ChatGPT Dituntut karena "Asbun", Tuding Pria Tak Bersalah Pembunuh

OpenAI kembali menghadapi gugatan hukum terkait informasi keliru yang dihasilkan chatbot berbasis AI-nya, yakni ChatGPT. Gugatan ini dilayangkan oleh kelompok advokasi asal Austria, bernama Noyb (None of Your Business).

Noyb, yang dikenal vokal dalam isu perlindungan data, mengajukan pengaduan keduanya terhadap OpenAI atas tuduhan yang disebut sebagai "halusinasi" atau kesalahan faktual.

Kasus ini bermula saat pria tersebut menanyakan informasi tentang dirinya kepada ChatGPT. Alih-alih memberikan jawaban yang netral atau menyatakan tidak mengetahui, chatbot itu justru menyampaikan tuduhan serius yang tidak berdasar.

Dalam responsnya, ChatGPT menyebut bahwa pria tersebut dijatuhi hukuman 21 tahun penjara atas pembunuhan dua anak dan percobaan pembunuhan anak ketiga. 

Padahal, pria tersebut sama sekali tidak pernah terlibat dalam kejahatan apa pun. Tuduhan yang disampaikan ChatGPT sepenuhnya keliru dan tidak memiliki fakta berdasar.

Situasi pun menjadi semakin rumit karena informasi palsu itu turut disertai sejumlah data pribadi yang justru benar. Dalam hal ini, ChatGPT menyebut jumlah anak, jenis kelamin anak-anaknya, hingga kota tempat tinggal pria tersebut secara akurat.

Kemunculan informasi palsu tersebut membuat ChatGPT dinilai “asbun” alias asal bunyi dalam menyampaikan informasi. Sebab, kesalahan semacam ini berpotensi merusak reputasi seseorang secara serius.

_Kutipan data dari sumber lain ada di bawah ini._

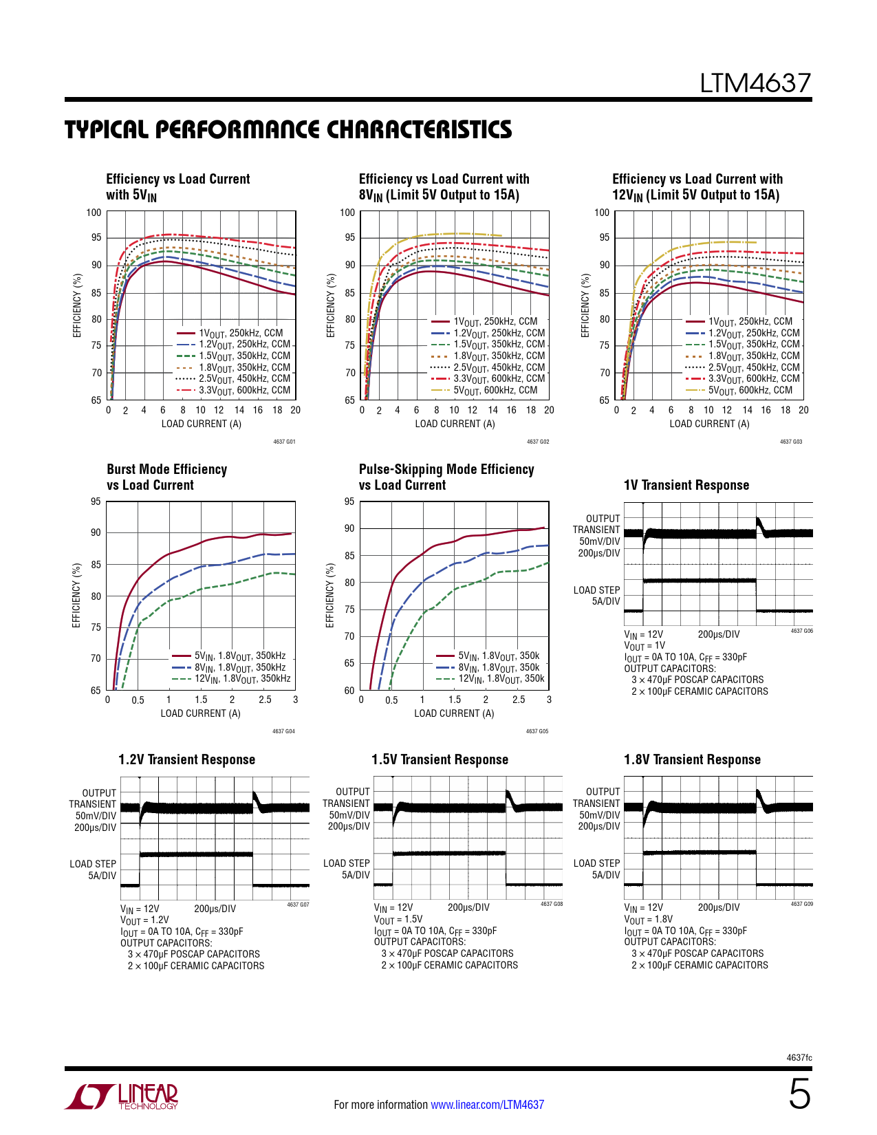 100 100 100 95 95 95 90 90 90 85 85 85 80 80 1VOUT, 250kHz, CCM 80 1VOUT, 250kHz, CCM EFFICIENCY (%) 1VOUT, 250kHz, CCM EFFICIENCY (%) 1.2VOUT, 250kHz, CCM EFFICIENCY (%) 1.2VOUT, 250kHz, CCM 75 1.2VOUT, 250kHz, CCM 75 1.5VOUT, 350kHz, CCM 75 1.5VOUT, 350kHz, CCM 1.5VOUT, 350kHz, CCM 1.8VOUT, 350kHz, CCM 1.8VOUT, 350kHz, CCM 70 1.8VOUT, 350kHz, CCM 2.5VOUT, 450kHz, CCM 2.5VOUT, 450kHz, CCM 2.5V 70 70 OUT, 450kHz, CCM 3.3VOUT, 600kHz, CCM 3.3VOUT, 600kHz, CCM 3.3VOUT, 600kHz, CCM 5VOUT, 600kHz, CCM 5VOUT, 600kHz, CCM 65 65 65 0 2 4 6 8 10 12 14 16 18 20 0 2 4 6 8 10 12 14 16 18 20 0 2 4 6 8 10 12 14 16 18 20 LOAD CURRENT (A) LOAD CURRENT (A) LOAD CURRENT (A) 4637 G01 4637 G02 4637 G03

Melanggar perlindungan data

Sebagaimana dirangkum KompasTekno dari engadget, Senin (7/4/2025), Noyb menilai OpenAI telah melanggar aturan Uni Eropa terkait perlindungan data, yakni General Data Protection Regulation (GDPR).

"GDPR jelas. Data pribadi harus akurat. Jika tidak, pengguna berhak mengubahnya agar sesuai kenyataan," kata pengacara perlindungan data Noyb, Joakim Söderberg.

"Anda tidak bisa begitu saja menyebarkan informasi palsu dan menambahkan pernyataan kecil yang mengatakan semuanya mungkin tidak benar," tambah Söderberg.

Bunyi pernyataan ini mengartikan bahwa ChatGPT tidak selalu menghasilkan informasi yang akurat, dan pengguna perlu melakukan verifikasi silang atas jawaban yang diberikan.

Sebelumnya, pada April 2024, Noyb juga pernah mengajukan pengaduan serupa kepada OpenAI. Saat itu, keluhan yang dilayangkan menyangkut kesalahan tanggal lahir seorang tokoh publik.

Meski bukan kasus berat, OpenAI tetap menolak memperbarui atau menghapus data yang keliru dengan alasan bahwa informasi dalam model tidak dapat diubah secara langsung.

Bukan kasus pertama

Kasus pria asal Norwegia ini menjadi yang paling serius karena menyangkut tuduhan kriminal berat. Namun, ini bukan satu-satunya contoh "asbun" chatGPT yang berujung fatal.

Ada pula kasus seorang profesor hukum yang difitnah melakukan pelecehan seksual, serta individu lain yang dituduh terlibat dalam penipuan dan penggelapan.

Deretan kasus ini menunjukkan bahwa kekeliruan informasi pada AI generatif bukanlah hal sepele. Apalagi ketika informasi yang ditampilkan menyangkut reputasi dan data pribadi seseorang.

Jika gugatan Noyb diterima, OpenAI bisa terancam sanksi atas pelanggaran GDPR di Uni Eropa. Regulasi ini bertujuan melindungi hak privasi individu, khususnya dalam pengelolaan dan pemrosesan data pribadi oleh sistem digital.

Adapun data yang dimaksud mencakup informasi yang secara langsung maupun tidak langsung dapat mengidentifikasi seseorang, seperti nama, alamat, atau identitas online.